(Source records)
──────────────────────────────

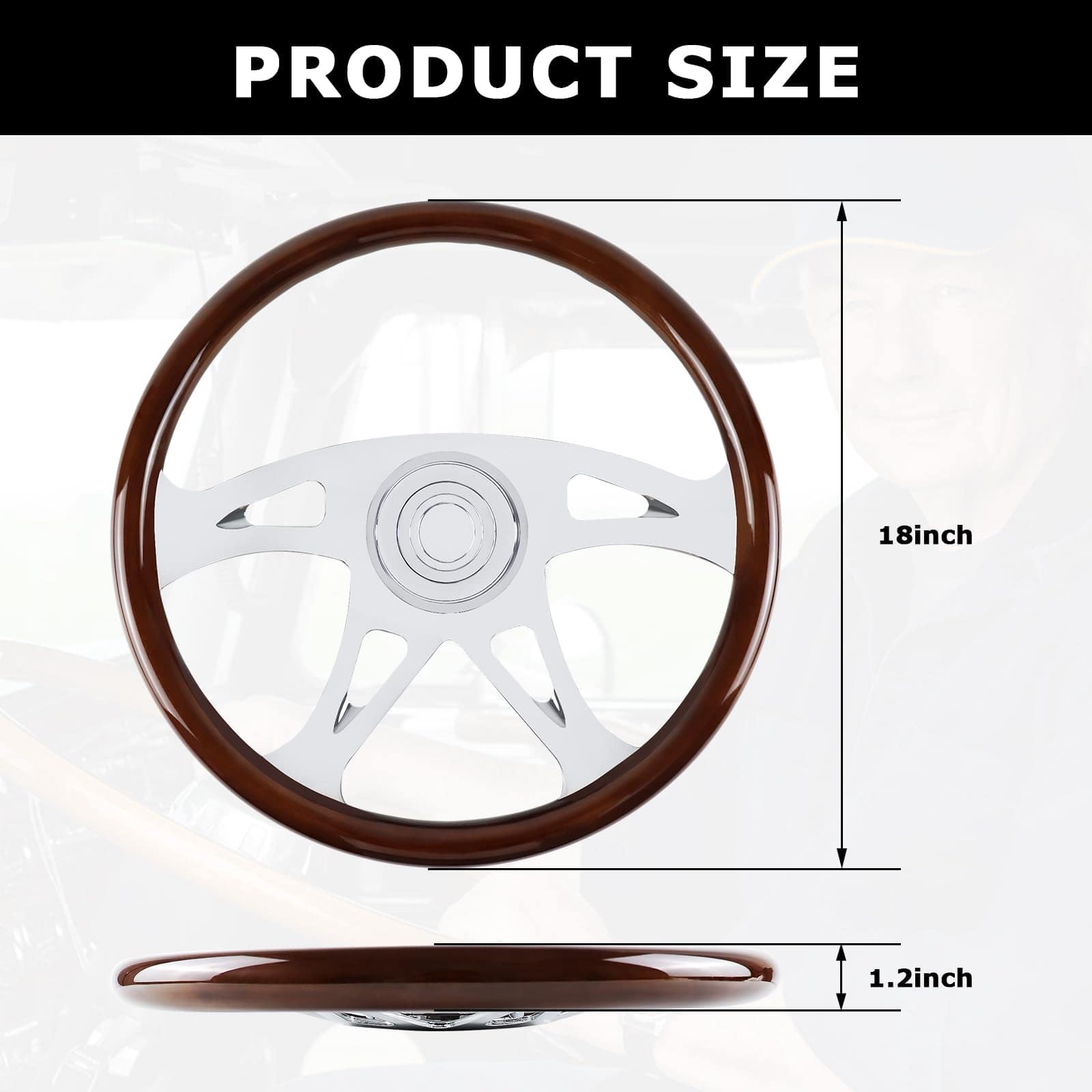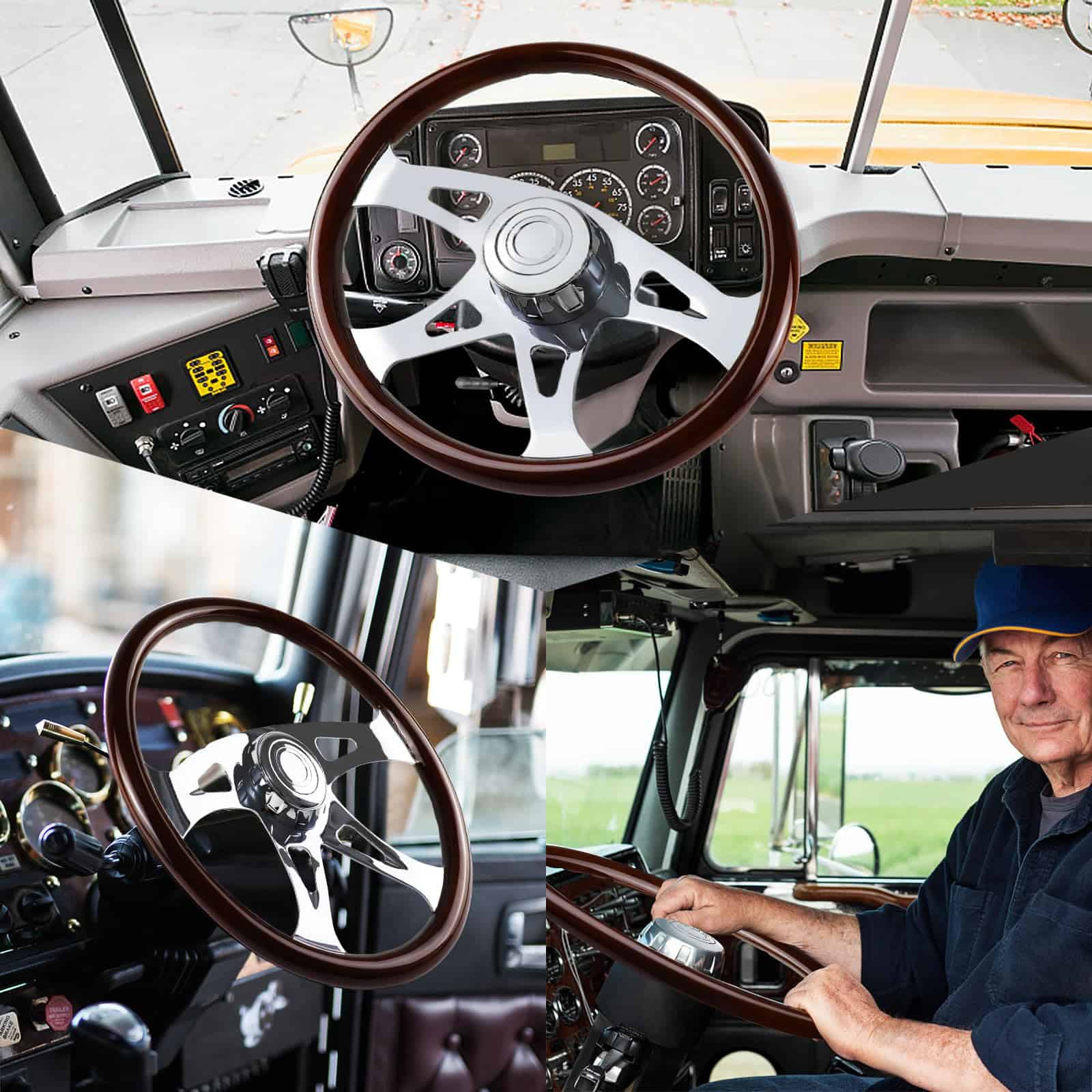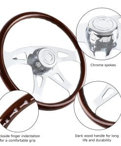 Volante de Madera de 18″ para Camión Chrome 4 Radios, para
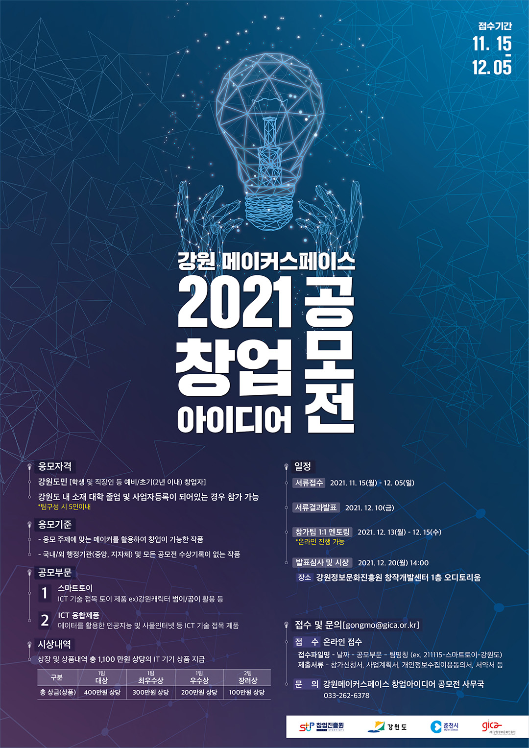 - 강원도내 소재 대학 졸업 및 사업자 등록이 되어 있는 경우 참가 가능
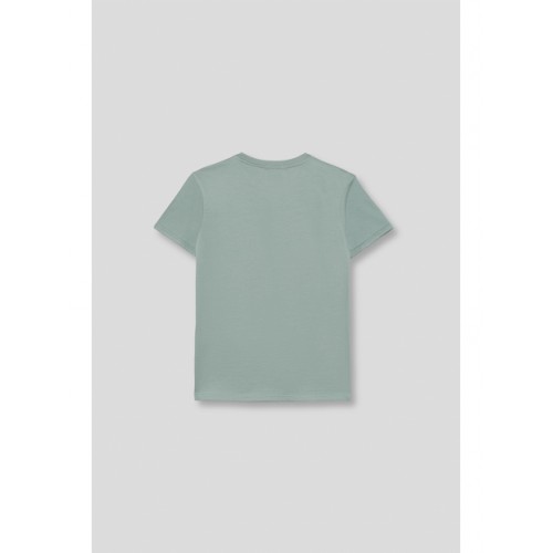 Boys' T-shirt, sizes 2-16 years. Flocked detail on the front. Soft and comfortable fabric.
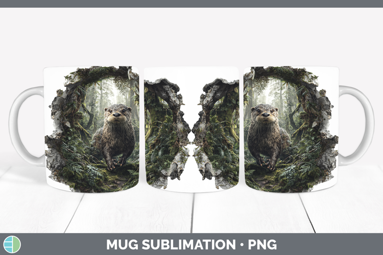 Otter Woodland 3D Hole Mug Wrap Sublimation Design
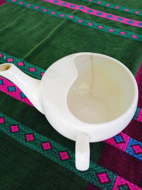 Vintage invalid feeding cup made by "Maling" England. From the stamp at the bottom it appears it's from the 30's. There is an age crack in it as pictured, but no chips - it's smooth to the touch along the rim. Wonderful item!
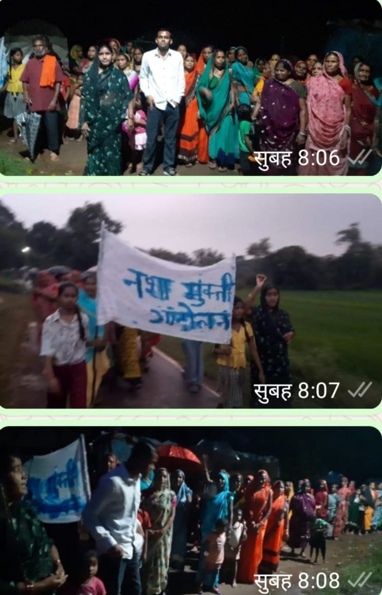 बरसते पानी में भीगते हुए गांव में निकाली शराबबंदी करने रैली...
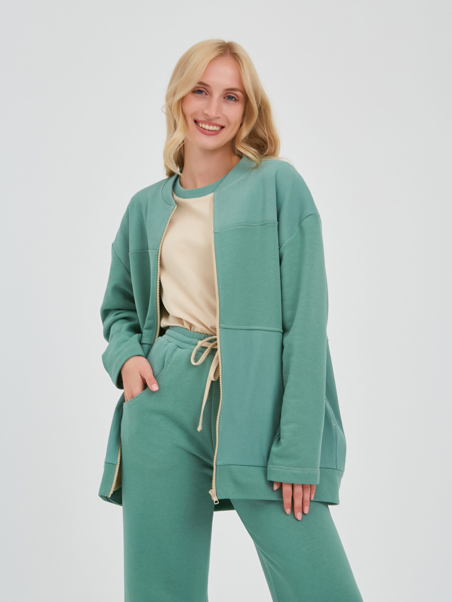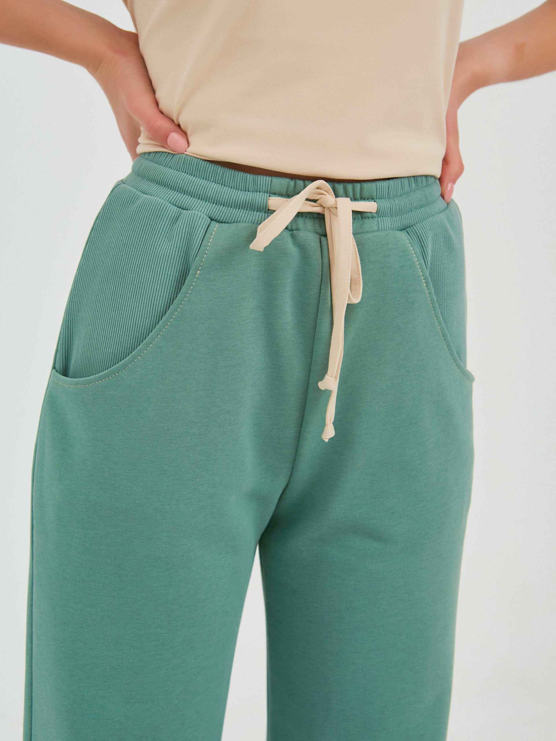 На талии комфортная резинка. Посадка высокая. Карманы в боковых швах.
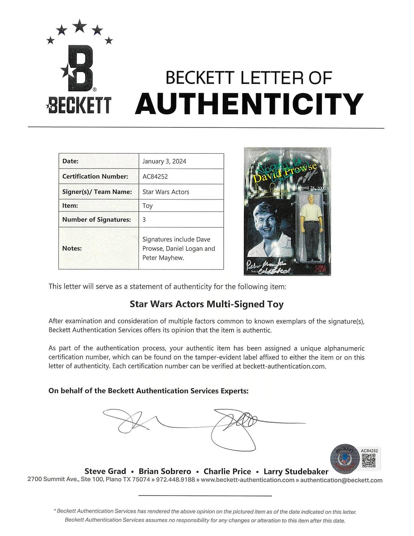 David Prowse, Peter Mayhew & Daniel Logan Signed Star Wars Action Figure Inscribed "Chewbacca" & "Boba Fett (Clone Boys)" (Beckett)
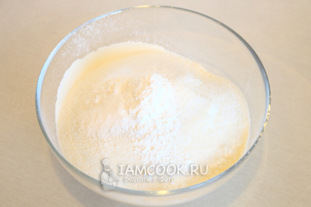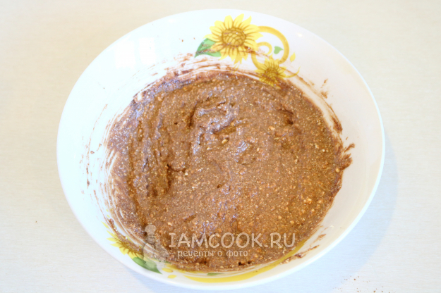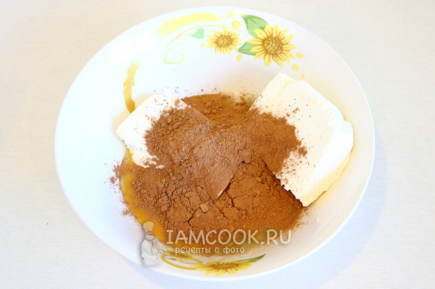 В миске соединим творог, яйцо, сахар и какао.
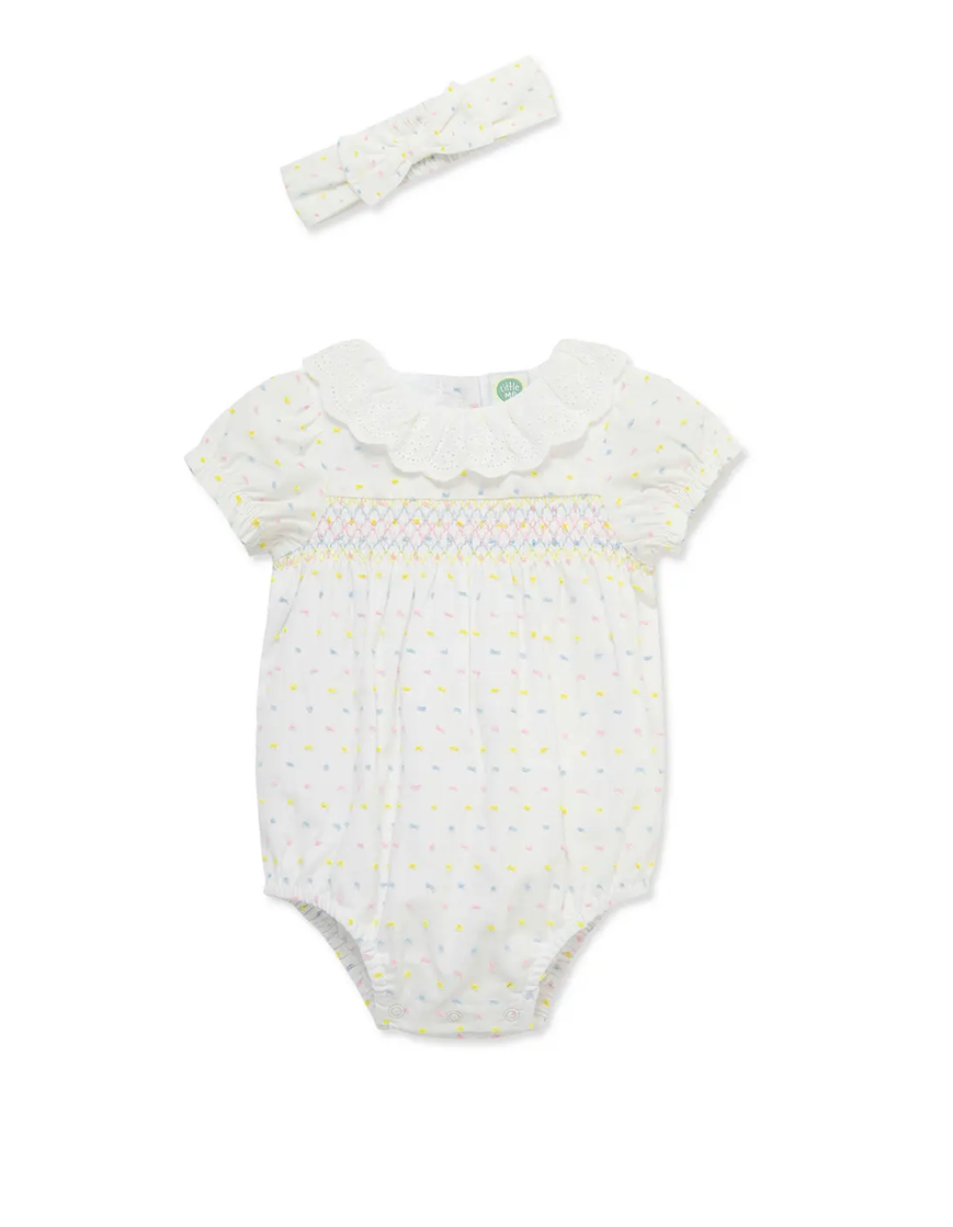 Alright, listen up, savvy parents! If you’ve got a little one in the 3-12 month window, the Smocked Bubble Dot Romper & Headband Set is just what you need for those adorable photo ops. It’s like a fashionable hug for your baby, and guess what? It’s only $18, slashed from $36! That’s a whopping 50% off. Seriously, this deal is like finding a hidden stash of cookies – pure joy! The matching headband adds that extra touch of cuteness, making your tiny tot the star of playdates. Perfect for twirls, giggles, and all the cuddles. Don’t let this one slip through your fingers!Want more? Here are some similar deals Hydrangea Knit Romper & Headband Set 3-12m for $16 and this Cora Blush Flower Switt Dot Bodysuit 0-24m for $38. For more deals on Baby Clothing click here.

──────────────────────────────

**Task**
Above are the records; repeat them exactly, omitting every picture.

**Solved problem**
 Volante de Madera de 18″ para Camión Chrome 4 Radios, para
 - 강원도내 소재 대학 졸업 및 사업자 등록이 되어 있는 경우 참가 가능
 Boys' T-shirt, sizes 2-16 years. Flocked detail on the front. Soft and comfortable fabric.
 Otter Woodland 3D Hole Mug Wrap Sublimation Design
 Vintage invalid feeding cup made by "Maling" England. From the stamp at the bottom it appears it's from the 30's. There is an age crack in it as pictured, but no chips - it's smooth to the touch along the rim. Wonderful item!
 बरसते पानी में भीगते हुए गांव में निकाली शराबबंदी करने रैली...
 На талии комфортная резинка. Посадка высокая. Карманы в боковых швах.
 David Prowse, Peter Mayhew & Daniel Logan Signed Star Wars Action Figure Inscribed "Chewbacca" & "Boba Fett (Clone Boys)" (Beckett)
 В миске соединим творог, яйцо, сахар и какао.
 Alright, listen up, savvy parents! If you’ve got a little one in the 3-12 month window, the Smocked Bubble Dot Romper & Headband Set is just what you need for those adorable photo ops. It’s like a fashionable hug for your baby, and guess what? It’s only $18, slashed from $36! That’s a whopping 50% off. Seriously, this deal is like finding a hidden stash of cookies – pure joy! The matching headband adds that extra touch of cuteness, making your tiny tot the star of playdates. Perfect for twirls, giggles, and all the cuddles. Don’t let this one slip through your fingers!Want more? Here are some similar deals Hydrangea Knit Romper & Headband Set 3-12m for $16 and this Cora Blush Flower Switt Dot Bodysuit 0-24m for $38. For more deals on Baby Clothing click here.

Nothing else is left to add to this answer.